Diploma Project Proposals 2016-2017

We are looking for 4-5 students interested to work on projects in the following domain:

Tools for supporting program comprehension of large software systems at architectural level

Domain description and motivation

The main problem of software development is the increasing size and complexity of software systems. In order to cope with this problem, Software Engineering emerged as a discipline. It begun by defining software process models, identifying structured sets of activities and developing guidelines how these should be carried out (from requirements engineering, design, testing, etc).

But abstract guidelines are not enough to support the software process; tools have been developed to support all the phases of software process. Tools like integrated development environments (IDEs), modeling tools, collaborative and versioning tools are since a long time indispensable for software engineers.

Current research is directed toward developing more intelligent tools such as recommendation systems for software engineering. These are tools that help software engineers master the large amount of code, models, documentation etc. that they must navigate and that assist them with a wide range of their activities. In this project, we focus on helping some activities related with maintenance.

Maintenance of complex software systems can be done by software engineers only after they understand well the existing code. Program comprehension (which is the "scientific" term used to refer to the activity of understanding existing code) is supported by documentation - either developer documentation, if it is available and up-to-date, or reverse engineered.

Reverse engineering a large software system often produces a huge amount of information, whose comprehension or further processing would take a long time. Lets imagine that a class diagram has been reverse engineered from a system with hundreds or even thousands of classes. Such a class diagram is of little use when trying to understand the system in absence of any documentation. Even when documentation is available, it may be too detailed and scattered - such as the one generated by javadoc from all the classes and packages of the system. What is most often missing is a short document providing the new user with useful information to start with - an "executive summary".

This is the goal of the proposed projects: to develop tools which (automatically) produce "summaries" of software systems in order to help their comprehension.

General project description

A summary of a document can be obtained in two ways: abstractive summarization or extractive summarization. In software engineering, a form of abstractive summarization is doing architectural reconstruction, or generating higher-level software abstractions out of the primary software artifacts that are given; it mainly works toward generating high level "architectural box and lines diagrams" starting out from the raw code, identifying the meaningful boxes and lines.

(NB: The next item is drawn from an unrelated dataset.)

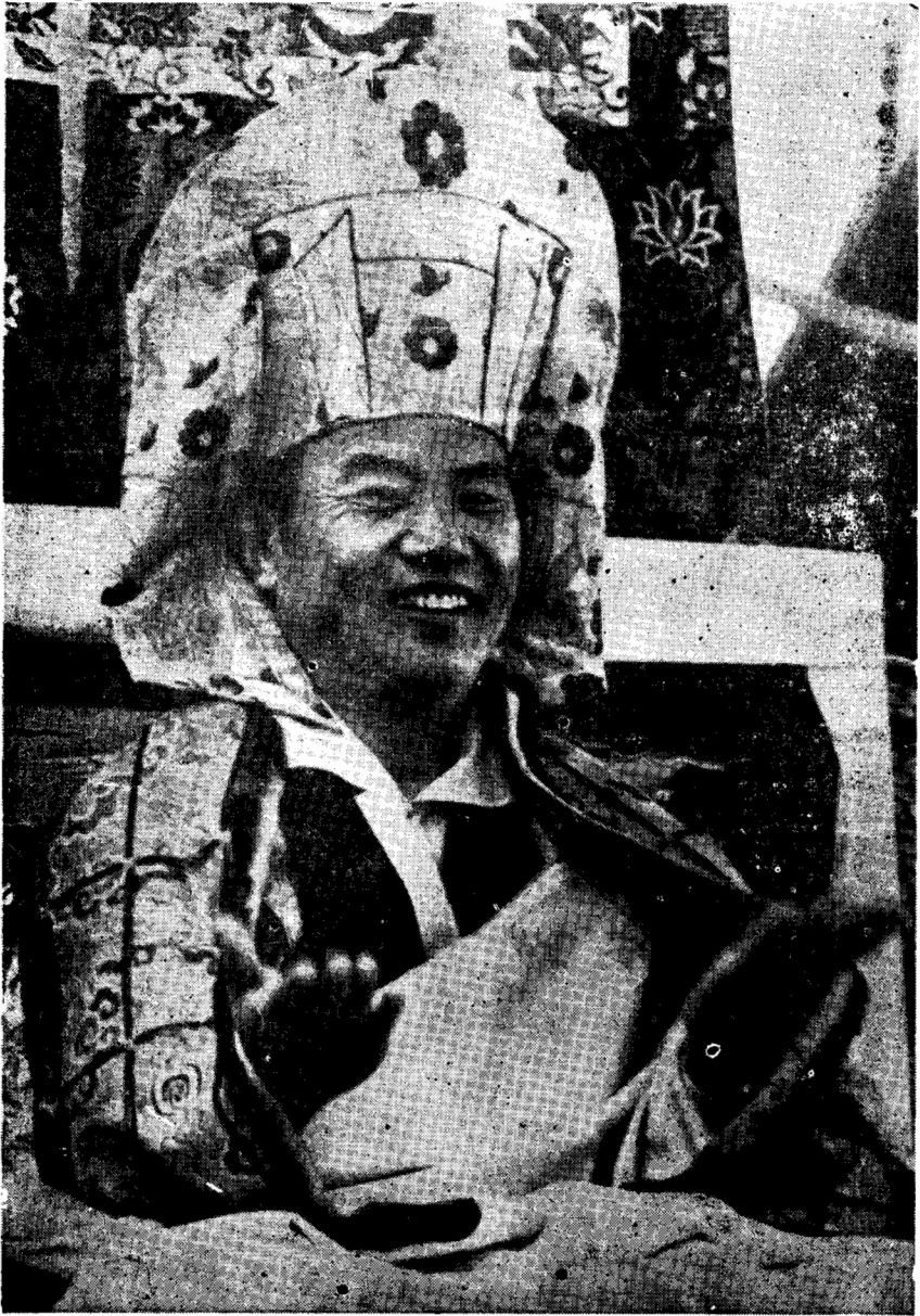
His Holiness the XVI Gyalwa Karmapa (1924 - 1981 A. D.)

Extractive summaries in software engineering are built by identifying and selecting the most important software artifacts from the existing ones.

We can build tools for both approaches of summarization and combinations thereof.

Project implementations

How exactly is such a tool working ? It follows following general steps:
  1. First, the tool takes as input some existing code, analyzes it and generates a primary model of the code. We do not do this from scratch, but use various libraries and frameworks for code analysis.
  2. Then the tool analyzes the primary model generated in step 1 and produces the "summaries". Projects will focus on this step, defining and implementing methods for analysis and "summarization", abstractive or extractive or combinations. The methods used come from domains such as: data mining (clustering), graph algorithms, network analysis, fuzzy inference, etc.
The individual assignment for each student project will be discussed at appointment.

Candidate requirements

The interested students should: The interested students should send an email to ioana.sora@cs.upt.ro to set an appointment for discussion.

Starting points

The projects will start with implementing methods described in some of the publications, working on their improvement, extension and validation. We also have existing implementations of certain parts previously developed as parts of the ART project that can be reused or extended.